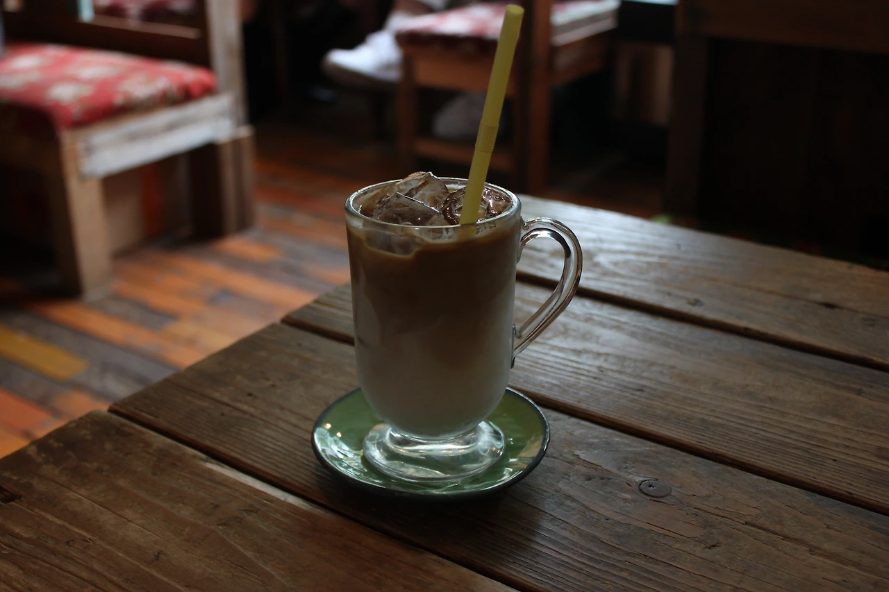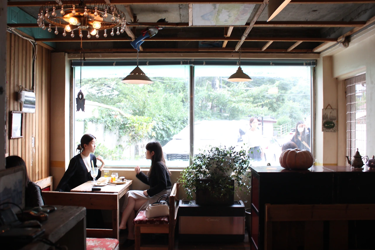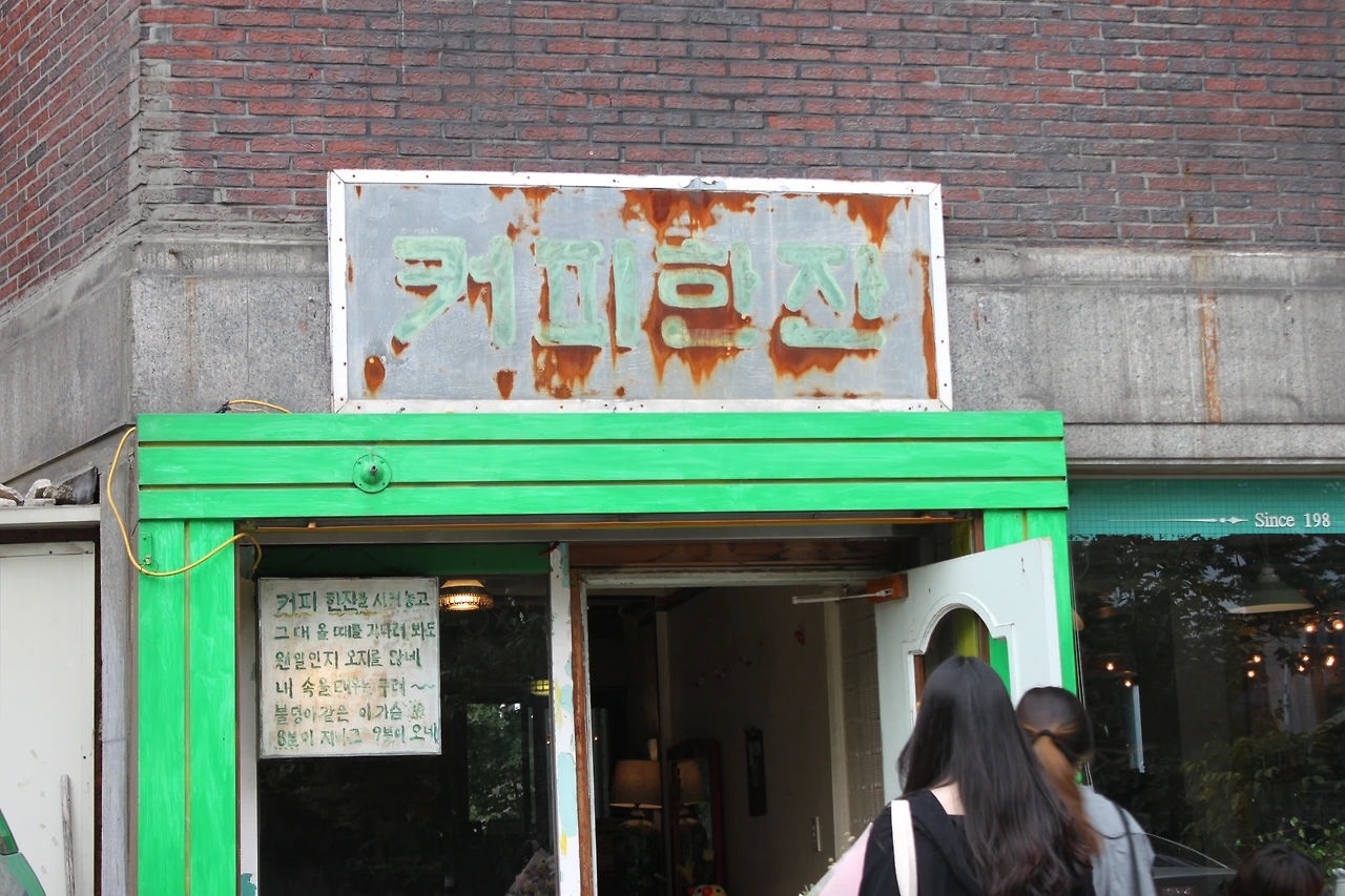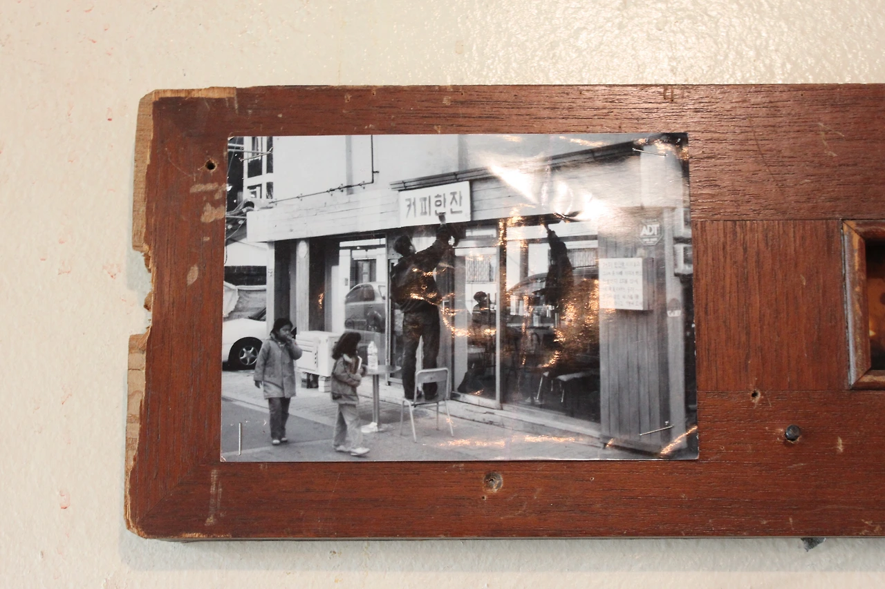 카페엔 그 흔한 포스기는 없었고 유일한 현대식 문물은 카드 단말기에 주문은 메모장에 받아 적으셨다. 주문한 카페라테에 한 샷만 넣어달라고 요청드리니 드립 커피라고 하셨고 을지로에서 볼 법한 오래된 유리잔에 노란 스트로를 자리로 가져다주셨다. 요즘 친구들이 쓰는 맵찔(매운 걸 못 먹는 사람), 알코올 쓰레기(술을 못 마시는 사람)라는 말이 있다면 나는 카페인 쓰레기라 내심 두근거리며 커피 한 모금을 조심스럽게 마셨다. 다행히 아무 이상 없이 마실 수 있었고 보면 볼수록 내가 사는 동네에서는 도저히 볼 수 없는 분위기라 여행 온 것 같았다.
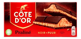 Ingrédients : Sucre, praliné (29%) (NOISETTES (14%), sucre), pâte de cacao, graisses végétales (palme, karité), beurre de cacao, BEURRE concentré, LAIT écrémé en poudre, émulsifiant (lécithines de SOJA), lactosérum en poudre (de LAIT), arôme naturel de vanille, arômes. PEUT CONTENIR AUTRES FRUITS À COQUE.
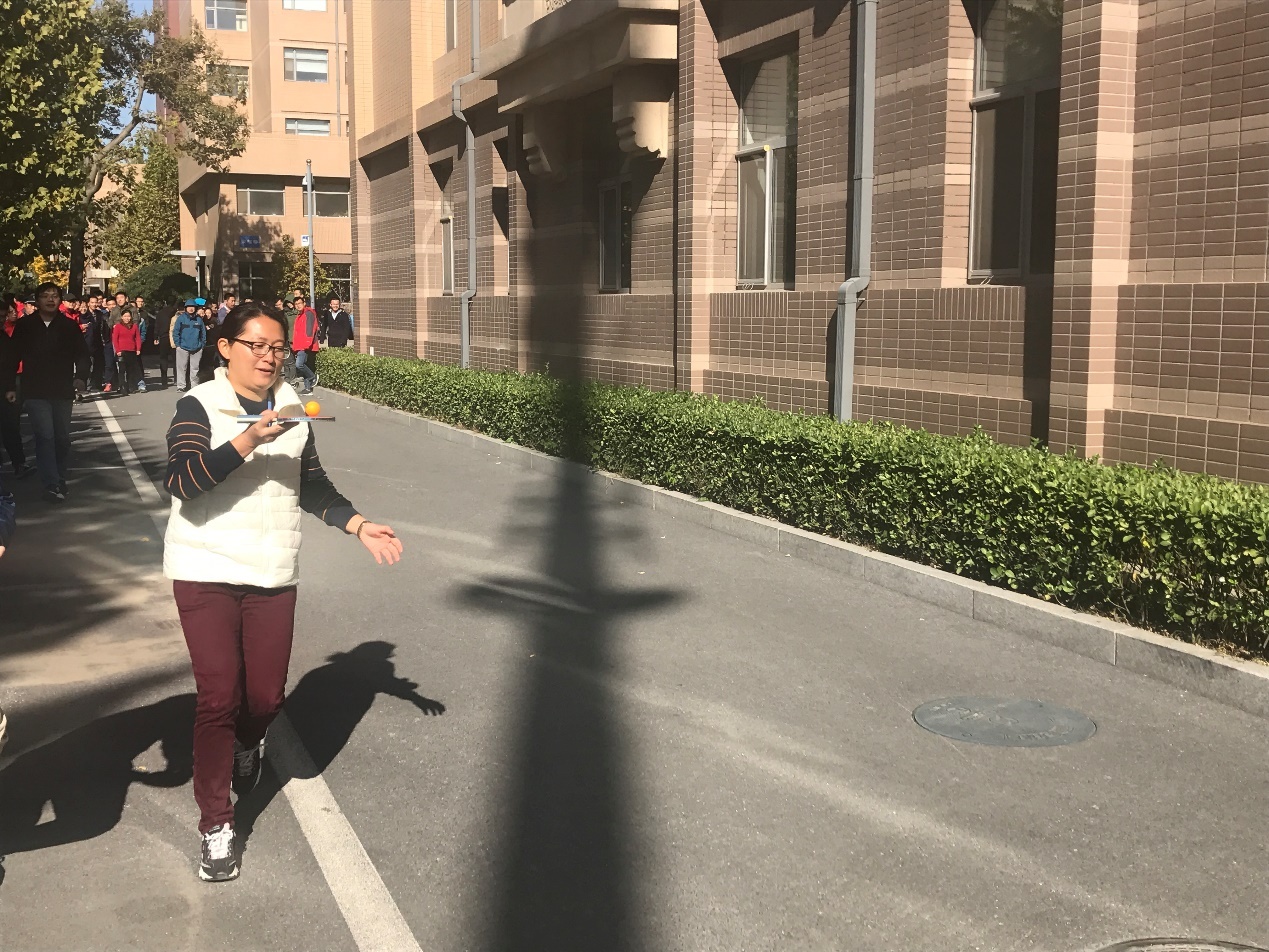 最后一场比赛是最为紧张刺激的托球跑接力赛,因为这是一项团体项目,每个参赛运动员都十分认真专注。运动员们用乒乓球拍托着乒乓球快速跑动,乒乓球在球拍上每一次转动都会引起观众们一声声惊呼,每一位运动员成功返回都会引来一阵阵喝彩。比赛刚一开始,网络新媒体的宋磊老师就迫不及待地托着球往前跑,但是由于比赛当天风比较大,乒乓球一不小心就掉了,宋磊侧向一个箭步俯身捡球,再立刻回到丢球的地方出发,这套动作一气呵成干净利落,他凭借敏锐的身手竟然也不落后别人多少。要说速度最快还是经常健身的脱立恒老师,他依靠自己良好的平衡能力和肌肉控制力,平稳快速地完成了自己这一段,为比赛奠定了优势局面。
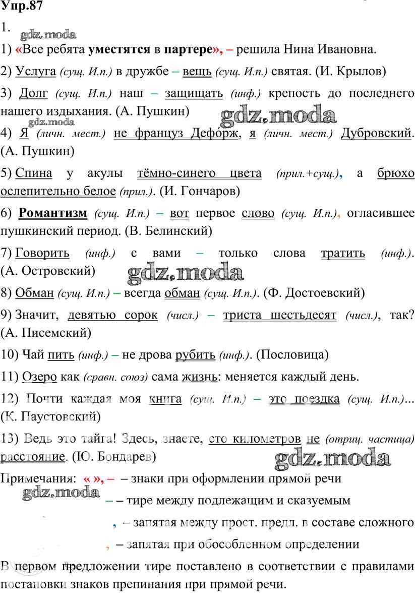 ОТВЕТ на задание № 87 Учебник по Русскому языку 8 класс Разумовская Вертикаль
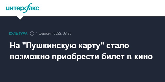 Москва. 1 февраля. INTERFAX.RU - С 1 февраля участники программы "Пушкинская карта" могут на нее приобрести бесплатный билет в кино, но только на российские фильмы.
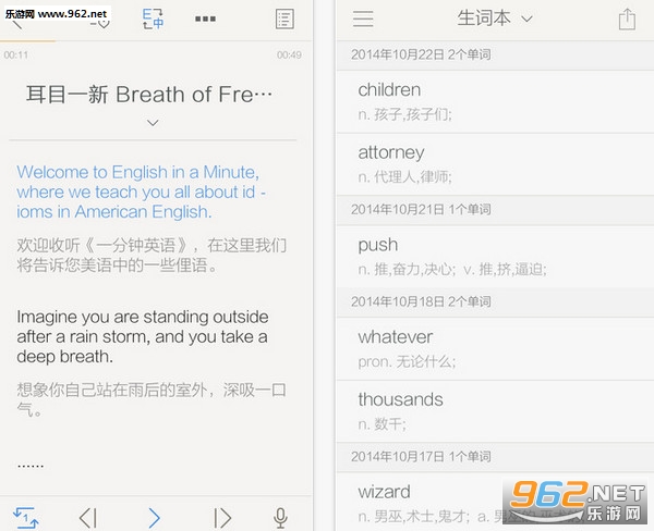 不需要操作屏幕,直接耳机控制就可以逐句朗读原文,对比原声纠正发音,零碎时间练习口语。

§ WHAT THE EXERCISE ASKS: Output all of the records exactly as they appear above, but not the pictures.

§ WORKED SOLUTION:
 카페엔 그 흔한 포스기는 없었고 유일한 현대식 문물은 카드 단말기에 주문은 메모장에 받아 적으셨다. 주문한 카페라테에 한 샷만 넣어달라고 요청드리니 드립 커피라고 하셨고 을지로에서 볼 법한 오래된 유리잔에 노란 스트로를 자리로 가져다주셨다. 요즘 친구들이 쓰는 맵찔(매운 걸 못 먹는 사람), 알코올 쓰레기(술을 못 마시는 사람)라는 말이 있다면 나는 카페인 쓰레기라 내심 두근거리며 커피 한 모금을 조심스럽게 마셨다. 다행히 아무 이상 없이 마실 수 있었고 보면 볼수록 내가 사는 동네에서는 도저히 볼 수 없는 분위기라 여행 온 것 같았다.
 Ingrédients : Sucre, praliné (29%) (NOISETTES (14%), sucre), pâte de cacao, graisses végétales (palme, karité), beurre de cacao, BEURRE concentré, LAIT écrémé en poudre, émulsifiant (lécithines de SOJA), lactosérum en poudre (de LAIT), arôme naturel de vanille, arômes. PEUT CONTENIR AUTRES FRUITS À COQUE.
 最后一场比赛是最为紧张刺激的托球跑接力赛,因为这是一项团体项目,每个参赛运动员都十分认真专注。运动员们用乒乓球拍托着乒乓球快速跑动,乒乓球在球拍上每一次转动都会引起观众们一声声惊呼,每一位运动员成功返回都会引来一阵阵喝彩。比赛刚一开始,网络新媒体的宋磊老师就迫不及待地托着球往前跑,但是由于比赛当天风比较大,乒乓球一不小心就掉了,宋磊侧向一个箭步俯身捡球,再立刻回到丢球的地方出发,这套动作一气呵成干净利落,他凭借敏锐的身手竟然也不落后别人多少。要说速度最快还是经常健身的脱立恒老师,他依靠自己良好的平衡能力和肌肉控制力,平稳快速地完成了自己这一段,为比赛奠定了优势局面。
 ОТВЕТ на задание № 87 Учебник по Русскому языку 8 класс Разумовская Вертикаль
 Москва. 1 февраля. INTERFAX.RU - С 1 февраля участники программы "Пушкинская карта" могут на нее приобрести бесплатный билет в кино, но только на российские фильмы.
 不需要操作屏幕,直接耳机控制就可以逐句朗读原文,对比原声纠正发音,零碎时间练习口语。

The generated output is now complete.